Scaling Up Industrial AI: From Use Case to Production-Grade Solution

Disclaimer: This article is published in partnership with Siemens. Siemens is paying for my engagement, not for promotional purpose. Opinions are my own.

This is the third part of a multi-part series of articles discussing key issues in Industrial AI and Siemens’ role and activities in this transformative technology.

Artificial Intelligence (AI) has already shown great promise in the industrial sector, but in recent times it has been transitioning from small-scale to large-scale implementation. Various industries begin to leverage Industrial AI as a transformative force, with companies like Siemens taking the lead in integrating AI-based systems.
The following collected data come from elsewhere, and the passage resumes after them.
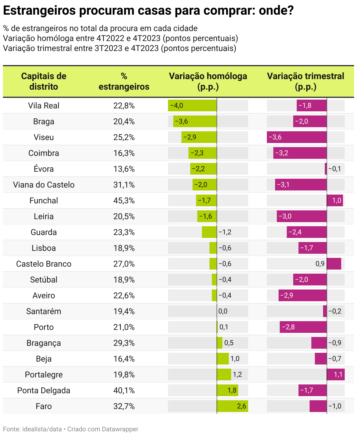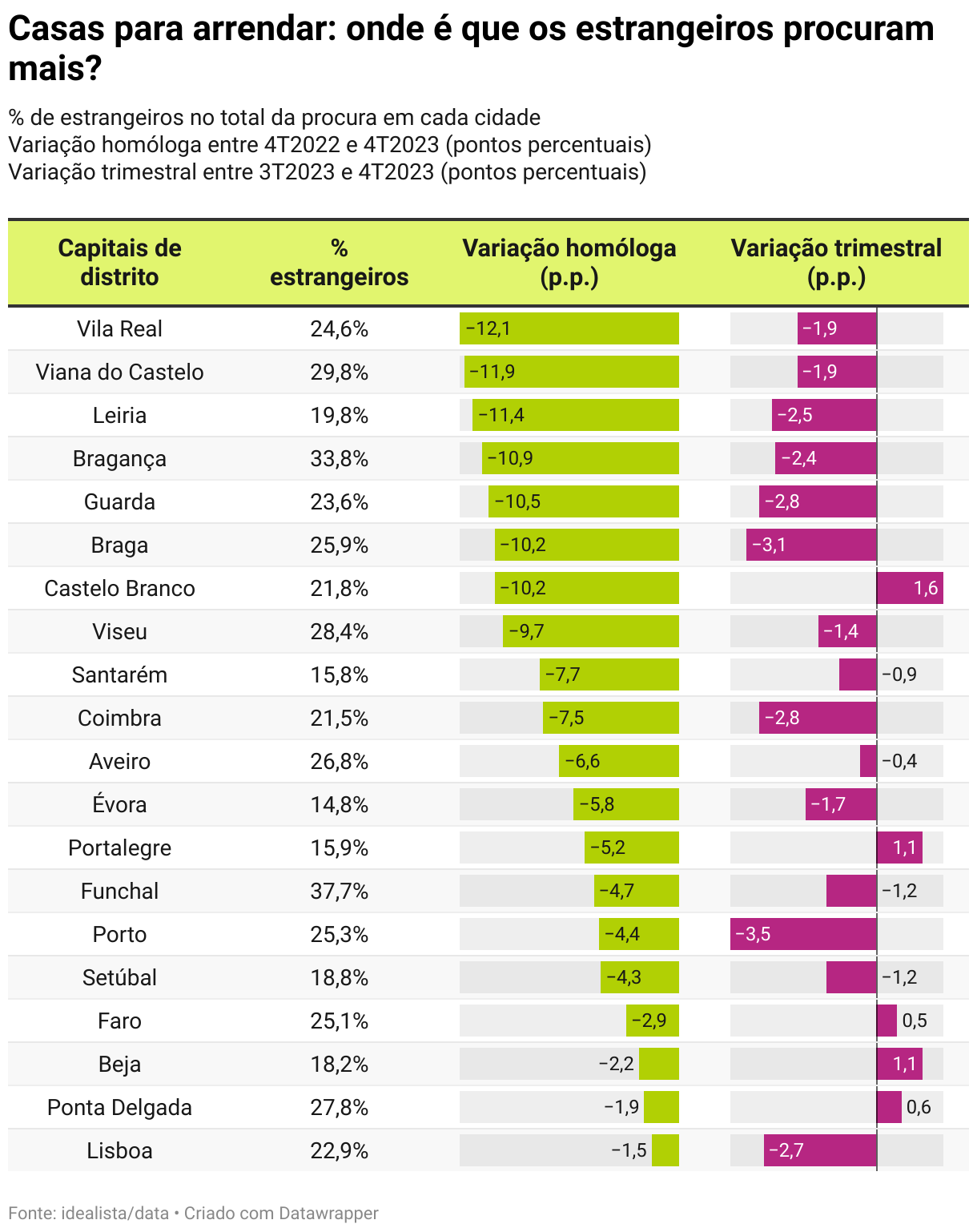 Esta queda da procura internacional no mercado de arrendamento português foi sentida em todas as capitais de distrito no final de 2023 face ao mesmo período do ano passado, com a maior queda a ser registada em Vila Real (-12,1 pontos percentuais) e a menor em Lisboa (-1,5 pontos percentuais), revelam ainda os mesmos dados do idealista/data. A nível trimestral observou-se um arrefecimento do interesse em 14 grandes cidades, Porto e Lisboa incluídos.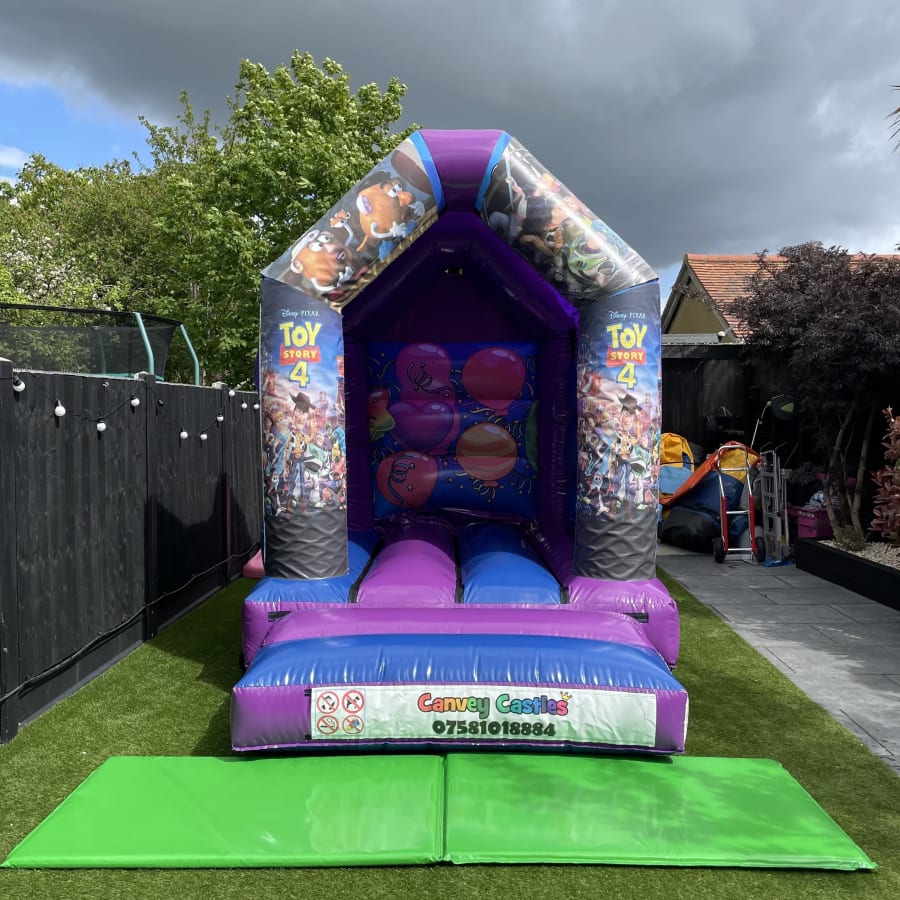 Unleash the Fun with the 8ft x 12ft Blue and Purple Toy Story 4 Bouncy Castle in Chelmsford, Brentwood, Southend, and Essex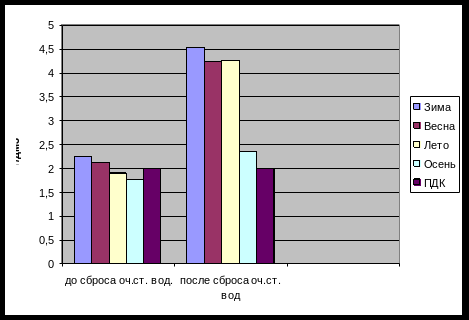 Данное предположение подтверждается снижением уровня содержания растворенного кислорода, по сравнению с ПДК в речной воде после сброса - зимой – на 5; весной – на 19, 8 %.
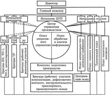 • технологическая связь с отделами ЦУП, производственными комплексами, другими участками, зонами ТО и ТР, постами диагностирования, складами (схема технологического процесса ТО, ТР, диагностирования);

While organizations may pilot localized, narrowly focused AI-based use cases, scaling up towards production-grade solutions across facilities can be complex. It entails overcoming challenges in infrastructure, data quality, AI adoption, closed-loop AI and ecosystem support, among others. This article elaborates on these key issues and aims to provide a more holistic view of the Industrial AI scaling journey.

Evolving Use Cases into Large-Scale Deployment

When it comes to Industrial AI deployments, use cases typically target specific areas. One of the prominent AI applications in manufacturing, for instance, is predictive maintenance. It uses AI models for predicting the probability of machinery breakdown and saving downtime while enhancing operational efficiency. Nonetheless, the essential adjustments required for evolving such a use case into a solution that can be scaled to run on various machines, at multiple sites and across different product lines tend to be considerable. According to recent research, the majority of about 70% of Industrial AI projects have been stuck in pilot mode and cannot be scaled up into production.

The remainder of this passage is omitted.